## Required work
Write the entries out again in full and unchanged, dropping every image.

## Items listed in a dataset
--------------------------------

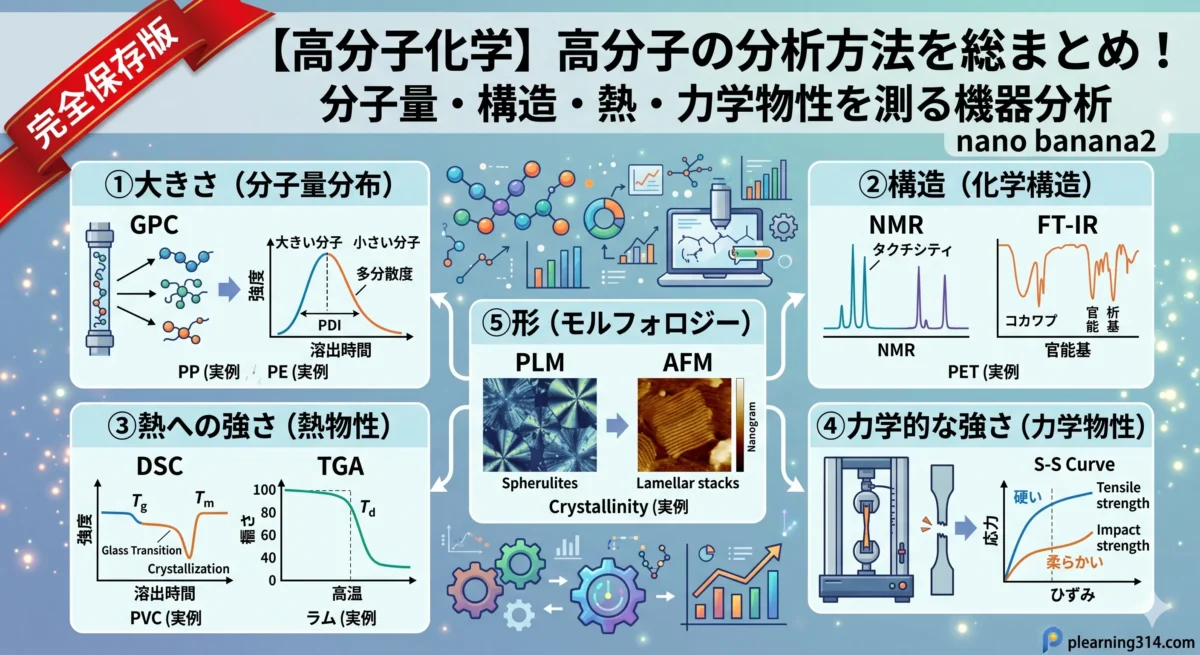 今回は、高分子の正体を暴くための強力な武器である「高分子の主な分析方法(機器分析)」を、測定する目的別にわかりやすく総まとめします!
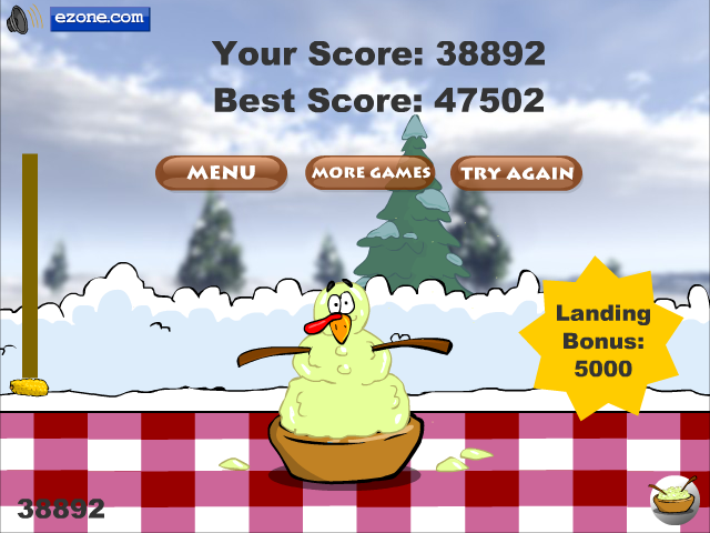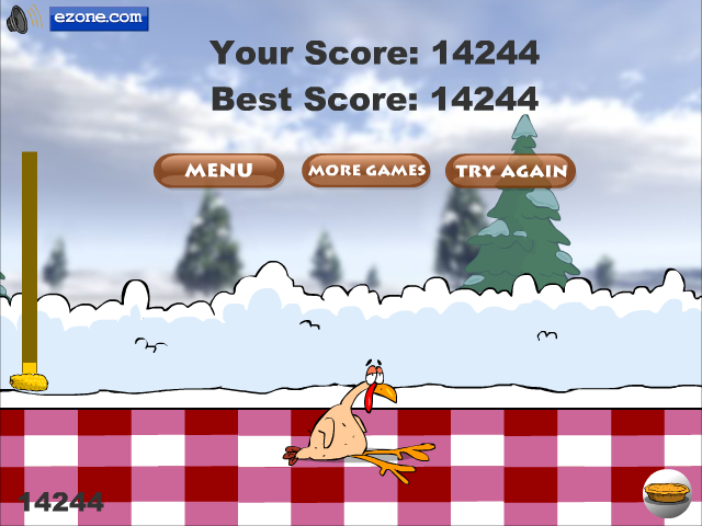 Turkey-Xmas refashions the familiar fling-and-flap mechanics of Turkey-Fling into a festive holiday romp. You begin each run by launching your turkey across a snowy table, then holding down the mouse button to flap your wings and gain altitude. It’s a simple premise, yet the timing and meter management create a surprisingly strategic experience that keeps you engaged from the very first attempt.
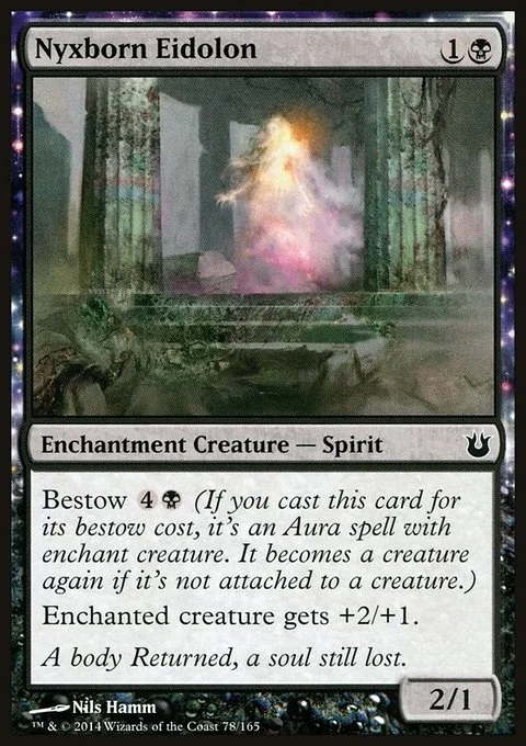 Bestow {4}{B} (If you cast this card for its bestow cost, it's an Aura spell with enchant creature. It becomes a creature again if it's not attached to a creature.) Enchanted creature gets +2/+1.
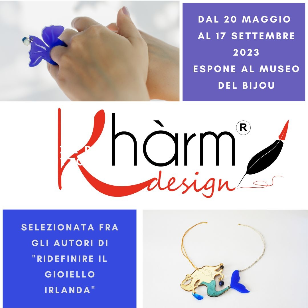 Fino al 17 settembre, la nostra vetrina espositiva è dedicata al marchio Khàrm Design, risultato vincitore del premio Museo del Bijou all'interno del contest Ridefinire il gioiello - Irlanda. Sarà possibile ammirare pezzi unici e monili dalle più iconiche collezioni della designer e orafa Carmela Barbato.
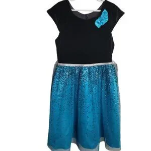 Jona Michelle Holiday Formal Dress Velvet Bodice Button Back Teal Blue 10
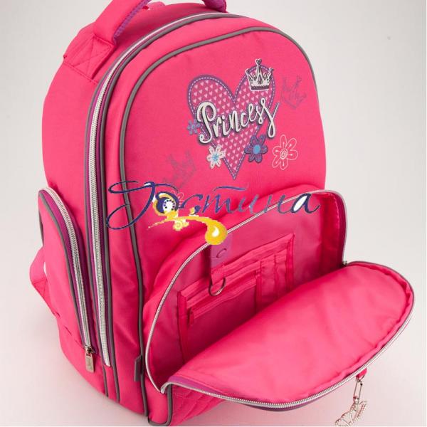 Рюкзак Kite K18-705S-1 з поліестеру рожевого кольору з підвіскою-короною.Ортопедична спинка Ergo Kids з 'дихаючими' подушечками, анатомічні лямки правильної S-подібної форми, нагрудний ремінь щільно прилягає до спини, мінімізує тиск на плечі та хребет дитини. Основне відділення рюкзака має 2 внутрішні кишені, розклад та внутрішні розділювачі з подвійною системою фіксації. Це правильно організовує простір в рюкзаку і зберігає баланс тіла у русі. Рюкзак містить дві бічні кишені на блискавці.Органайзер та знімна ключниця у передній кишені систематизують шкільне приладдя дитини.Рюкзак має м'яку ущільнену ручку та ручку-петлю. Ущільнене прогумоване дно зберігає стійкість рюкзака та легко миється.Світловідбиваючі елементи на рюкзаку забезпечують безпеку дитини на дорозі в темну пору доби.Рюкзак має надійну фурнітуру, замки-блискавки легко і плавно відкриваються. Завдяки властивостям матеріалів естетичний зовнішній вигляд і функціональність виробу зберігаються навіть після тривалого активного використання.
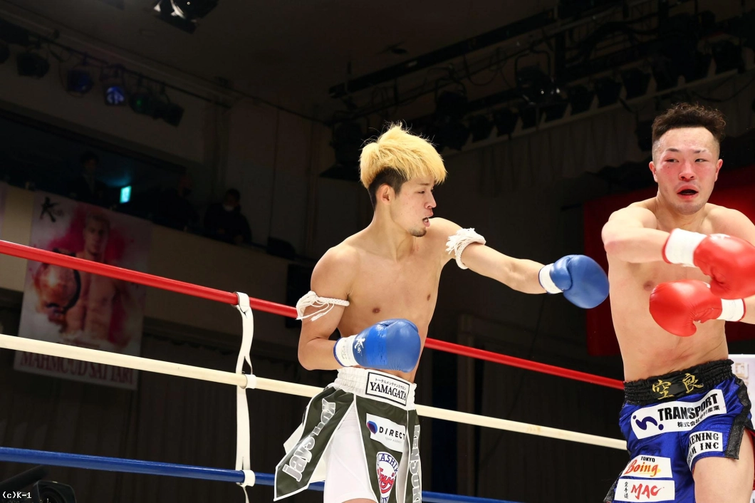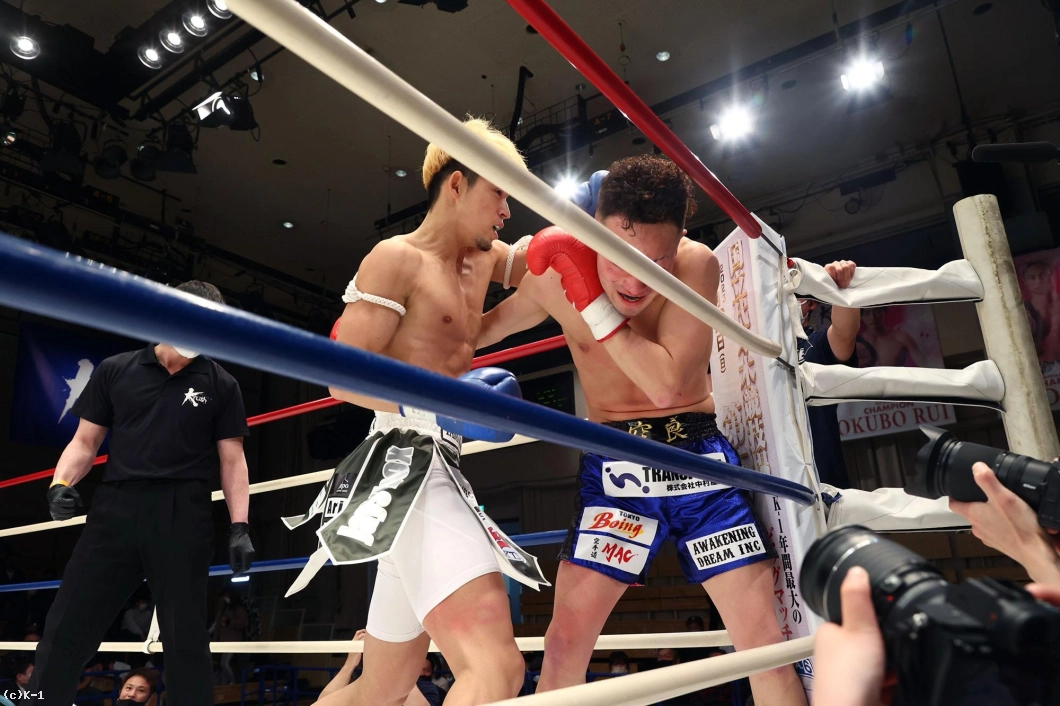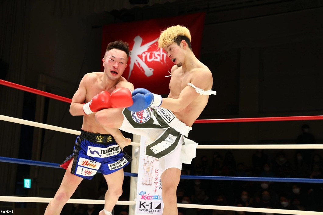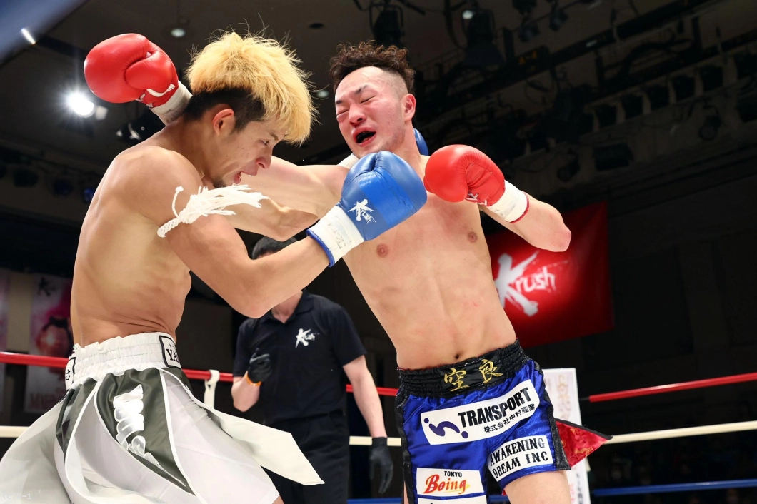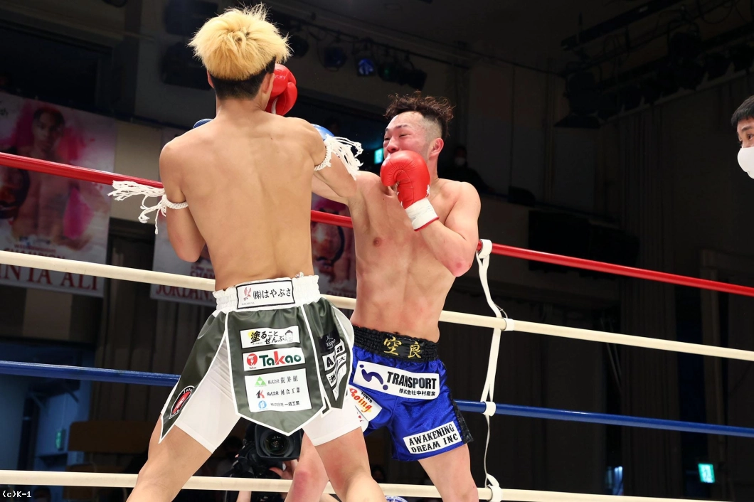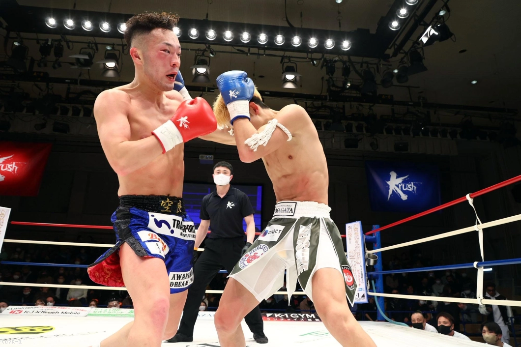 再開。健介は前蹴りで水津を止め、そこから左ストレート、ボディへのヒザとやはり攻勢。水津はダメージと疲労で組みが多くなり注意を受ける。

--------------------------------

## Output of the task
 今回は、高分子の正体を暴くための強力な武器である「高分子の主な分析方法(機器分析)」を、測定する目的別にわかりやすく総まとめします!
 Turkey-Xmas refashions the familiar fling-and-flap mechanics of Turkey-Fling into a festive holiday romp. You begin each run by launching your turkey across a snowy table, then holding down the mouse button to flap your wings and gain altitude. It’s a simple premise, yet the timing and meter management create a surprisingly strategic experience that keeps you engaged from the very first attempt.
 Bestow {4}{B} (If you cast this card for its bestow cost, it's an Aura spell with enchant creature. It becomes a creature again if it's not attached to a creature.) Enchanted creature gets +2/+1.
 Fino al 17 settembre, la nostra vetrina espositiva è dedicata al marchio Khàrm Design, risultato vincitore del premio Museo del Bijou all'interno del contest Ridefinire il gioiello - Irlanda. Sarà possibile ammirare pezzi unici e monili dalle più iconiche collezioni della designer e orafa Carmela Barbato.
 Jona Michelle Holiday Formal Dress Velvet Bodice Button Back Teal Blue 10
 Рюкзак Kite K18-705S-1 з поліестеру рожевого кольору з підвіскою-короною.Ортопедична спинка Ergo Kids з 'дихаючими' подушечками, анатомічні лямки правильної S-подібної форми, нагрудний ремінь щільно прилягає до спини, мінімізує тиск на плечі та хребет дитини. Основне відділення рюкзака має 2 внутрішні кишені, розклад та внутрішні розділювачі з подвійною системою фіксації. Це правильно організовує простір в рюкзаку і зберігає баланс тіла у русі. Рюкзак містить дві бічні кишені на блискавці.Органайзер та знімна ключниця у передній кишені систематизують шкільне приладдя дитини.Рюкзак має м'яку ущільнену ручку та ручку-петлю. Ущільнене прогумоване дно зберігає стійкість рюкзака та легко миється.Світловідбиваючі елементи на рюкзаку забезпечують безпеку дитини на дорозі в темну пору доби.Рюкзак має надійну фурнітуру, замки-блискавки легко і плавно відкриваються. Завдяки властивостям матеріалів естетичний зовнішній вигляд і функціональність виробу зберігаються навіть після тривалого активного використання.
 再開。健介は前蹴りで水津を止め、そこから左ストレート、ボディへのヒザとやはり攻勢。水津はダメージと疲労で組みが多くなり注意を受ける。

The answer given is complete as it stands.